STEP3-3論文で見いだされた結果の評価
Outcomeについて、以下の値を確認する
【① 治療効果の有無; P値を確認する】
 介入4週間目の評価で、5つの主要症状について、全てP<0.05
 主要症状数の変化について、介入2週間目の評価で、P<0.005、
 介入16週間目の評価で、P<0.001
【② 治療効果の大きさ;比の指標と差の指標を確認する】
 ・RR(あるいはHR・OR)を確認する
 ・ARRとNNTを計算する
 <介入16週目の評価>
 (1) 腹部不快感:RR=0.44、RRR=0.55、ARR=0.50、NNT=2
 (2) 腹部膨満感:RR=0.59、RRR=0.41、ARR=0.35、NNT=3
 (3) 硬便   :RR=0.30、RRR=0.70、ARR=0.35、NNT=3
 (4) 排便回数減少:RR=0.18、RRR=0.82、ARR=0.45、NNT=2
 (5) 便性変化 :RR=1、RRR=0、ARR=0、NNT=∞
【③治療効果のゆらぎ;信頼区間を確認する】
 信頼区間の記載なし

STEP4 患者への適応
【① 論文の患者と、目の前の患者が、結果が適応できないほど異なっていないか?】
・本患者は混合型IBSの可能性が高く、便秘型のIBS患者を扱った本論文の患者群と完全には合致していない。
・本論文では50歳以上の患者については除外対象としており(理由は不明であるが)、70歳代の本患者に適応できない可能性がある。
【②治療そのものは忠実に実行可能か?】
・先述の通り、本邦においてIBS患者への抗うつ薬の適応が認可されていないため、実際には保険病名を別につけることで処方せざるを得ず、現実的な適応には困難な点もある。
・またfluoxetineが本邦でそもそも認可されていない薬である。論文中にはパキシル®(パロキセチン)など、他のSSRIでも有効であったとの記載がある(p.384左側)。
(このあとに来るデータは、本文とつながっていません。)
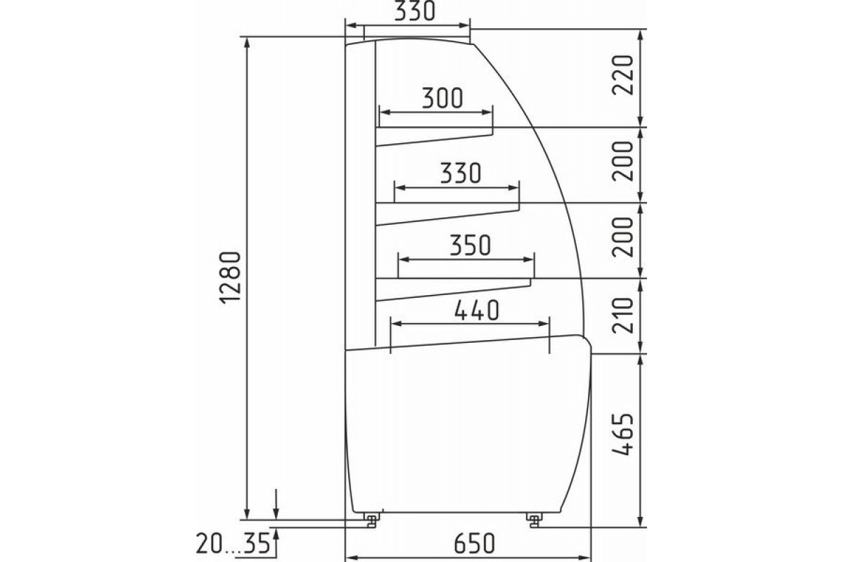 - Глубина выкладки 440 мм + 3 полки (350 мм, 330 мм, 300 мм);

【③重要なアウトカムはコストや害を含めて全て評価されたか?】
・食思不振や下痢、食道炎などの消化器症状の副作用が偽薬よりもfluoxetineでより多く報告されている。
【④患者の考え・嗜好はどうなのか?】
illness/contextの観点からは治療は行うべきか?あるいはillness/contextを更に確認するべきか?
・患者は上記症状で日常生活に支障をきたしており、何らかの治療planを提示するべきと思われる。SSRIの導入にあっては、薬の特性や効果に限定的な部分があるかもしれないことを説明した上での投与となるだろう。